The Morning Report
Subscribe now. Get smarter tomorrow.
The teachers union argues that San Diego Unified has $66 million that it could use immediately to cancel layoffs for hundreds of school employees. But the school district says if it tapped the money, it would only end up deeper in the hole for next year and the year after.
The $66 million comes from two lines in the San Diego Unified budget summary: one that lists $57 million in “unextended balances/set aside” and another $9 million in surplus money for this year. That money is on top of the reserve funds that it sets aside for emergencies.
Chief Financial Officer Ron Little says the funds are nothing new. The $57 million includes a onetime funding bump of $30 million that was deferred by the state — and San Diego Unified has yet to receive it — along with an infusion of federal money that has already been counted in the budget.
“If we were to use that money to pay for salaries, we’d have to find $57 million of reductions somewhere else. Which we don’t have!” Little said.
Little added that the other $9 million is already threatened by an estimated $8 million to $10 million in added financial risks that weren’t counted in budget plans.
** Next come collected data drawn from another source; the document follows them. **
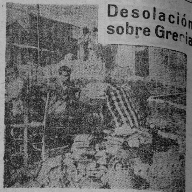
Desolación sobre Grecia

En Inglaterra, el número de muertes diarias es también de catorce. Sin embargo, hay que tener en cuenta que a pesar del aumento en el número de vehículos de tres a cinco millones en los últimos 15 años, el índice de accidentes es el mismo de la pre-guerra.
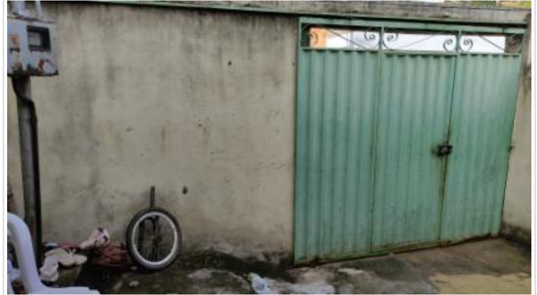
Portão de acesso
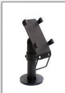
■ Ingenico iCT220
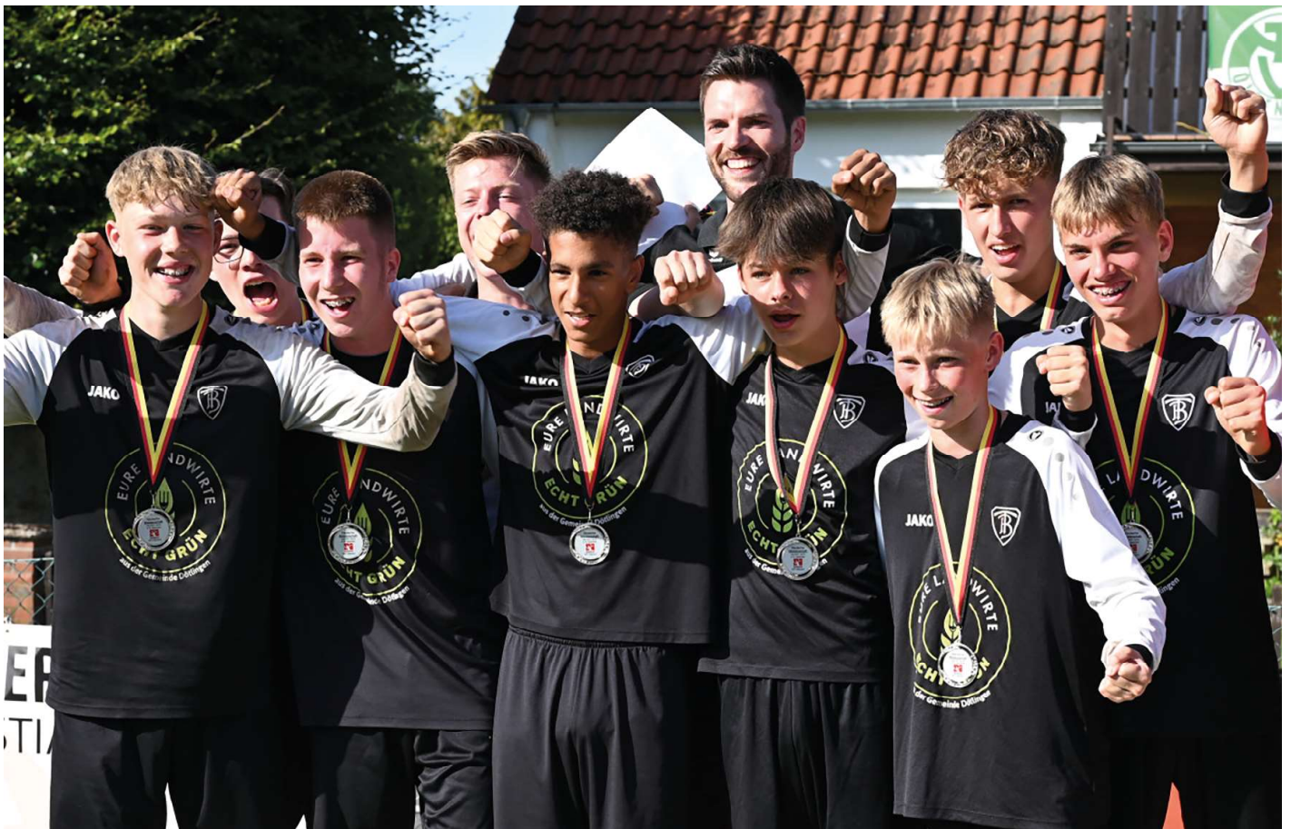
Die erfolgreichen Brettortfer Jungen mit den Silbermedaillen.
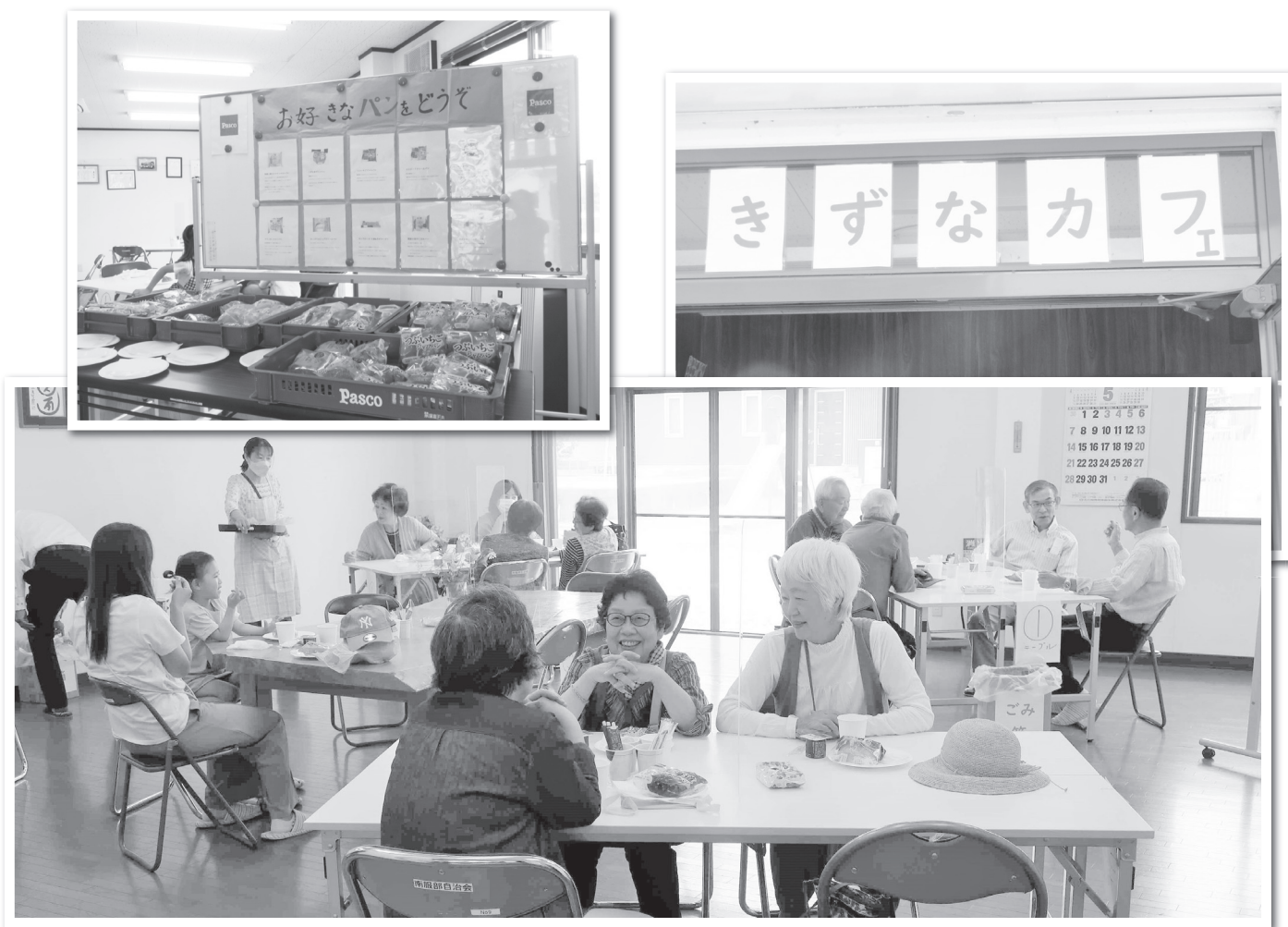
▲南服部自治会 きずなカフェ

Craig Leedham, executive director of the teachers union, derided it as a disingenuous way of hiding funds. “Set asides” are no different than extra reserves, Leedham said, and this is the time to use extra reserves. The San Diego Education Association website put it even more bluntly:
No one is suggesting that the Board dip into its reserves in a manner that would imperil the financial health or viability of the District. But sitting atop reserve funds that are literally quadruple the amount required by law and then issuing more than 1,300 layoffs is just flat out reckless.
Based on today’s testimony, it is clear that Ron Little and his finance department are either grossly inept or grossly dishonest. Either way, it’s just gross.
School board member Scott Barnett complained that the teachers union was giving false hope and sowing confusion among workers now wondering if their jobs can be spared. If San Diego Unified used that money to roll back layoffs, “we’d dig a bigger hole in the following year,” Barnett said.
I’ll be honest: I’m not sure who has it right in this debate. I’m still trying to understand what would happen if this money were used and why. Little plans to release a written analysis today. I’m hoping to get an outside expert to check it out. I’ll update the blog when I do.